[llvm] [NVPTX] Add intrinsics for wgmma.fence PTX instructions (PR #120523)
Srinivasa R via llvm-commits
llvm-commits at lists.llvm.org
Thu Dec 19 21:58:23 PST 2024
https://github.com/Wolfram70 updated https://github.com/llvm/llvm-project/pull/120523
>From 920e108f629627d429d0e54204e91a32caae25c2 Mon Sep 17 00:00:00 2001
From: Srinivasa Ravi <srinivasar at nvidia.com>
Date: Wed, 18 Dec 2024 14:21:38 +0530
Subject: [PATCH] [NVPTX] Add intrinsics for wgmma.fence PTX instructions
Adds NVVM intrinsics and NVPTX codegen for:
- wgmma.fence (https://docs.nvidia.com/cuda/parallel-thread-execution/#asynchronous-warpgroup-level-matrix-instructions-wgmma-fence)

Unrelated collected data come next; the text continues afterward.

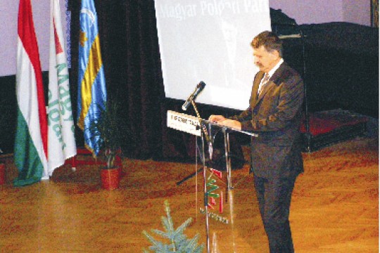 Magyar nyelvű plakátokkal hirdeti előadásait Szlovákia északi, szlovákok lakta régióiban egy olas...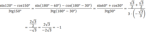 Korzystamy ze wzoru na wartości funkcji trygonometrycznych dla kątów rozwartych, aby przekształcić je na liczby wymierne.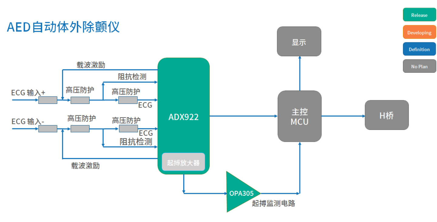 自動體外除顫器(AED)是心臟驟停急救中快速對患者心臟實施電擊來達到除顫,可以幫助普通人快速實施除顫。類比的ECG模擬前端可以快速準確地監控患者的心臟狀態,來實施準確高效的除顫效果。

- wgmma.commit_group (https://docs.nvidia.com/cuda/parallel-thread-execution/#asynchronous-warpgroup-level-matrix-instructions-wgmma-commit-group)
- wgmma.wait_group (https://docs.nvidia.com/cuda/parallel-thread-execution/#asynchronous-warpgroup-level-matrix-instructions-wgmma-wait-group)
---
llvm/docs/NVPTXUsage.rst | 90 ++++++++++++++++++++
llvm/include/llvm/IR/IntrinsicsNVVM.td | 15 ++++
llvm/lib/Target/NVPTX/NVPTXIntrinsics.td | 14 +++
llvm/test/CodeGen/NVPTX/wgmma-sm90a-fence.ll | 37 ++++++++
4 files changed, 156 insertions(+)
create mode 100644 llvm/test/CodeGen/NVPTX/wgmma-sm90a-fence.ll
diff --git a/llvm/docs/NVPTXUsage.rst b/llvm/docs/NVPTXUsage.rst
index b19632535b3e11..313e84f3722a95 100644
--- a/llvm/docs/NVPTXUsage.rst
+++ b/llvm/docs/NVPTXUsage.rst
@@ -733,6 +733,96 @@ these intrinsics is a boolean flag, with the same functionality as described in
For more information, refer PTX ISA
`<https://docs.nvidia.com/cuda/parallel-thread-execution/index.html#data-movement-and-conversion-instructions-cp-reduce-async-bulk-tensor>`_.
+Warp Group Intrinsics
+---------------------
+
+'``llvm.nvvm.wgmma.fence.sync.aligned``'
+^^^^^^^^^^^^^^^^^^^^^^^^^^^^^^^^^^^^^^^^
+
+Syntax:
+"""""""
+
+.. code-block:: llvm
+
+ declare void @llvm.nvvm.wgmma.fence.sync.aligned()
+
+Overview:
+"""""""""
+
+The '``@llvm.nvvm.wgmma.fence.sync.aligned``' intrinsic generates the
+``wgmma.fence.sync.aligned`` PTX instruction, which establishes an ordering
+between prior accesses to any warpgroup registers and subsequent accesses to
+the same registers by a ``wgmma.mma_async`` instruction.
+
+The ``wgmma.fence`` instruction must be issued by all warps of the warpgroup in
+the following locations:
+
+* Before the first ``wgmma.mma_async`` operation in a warpgroup.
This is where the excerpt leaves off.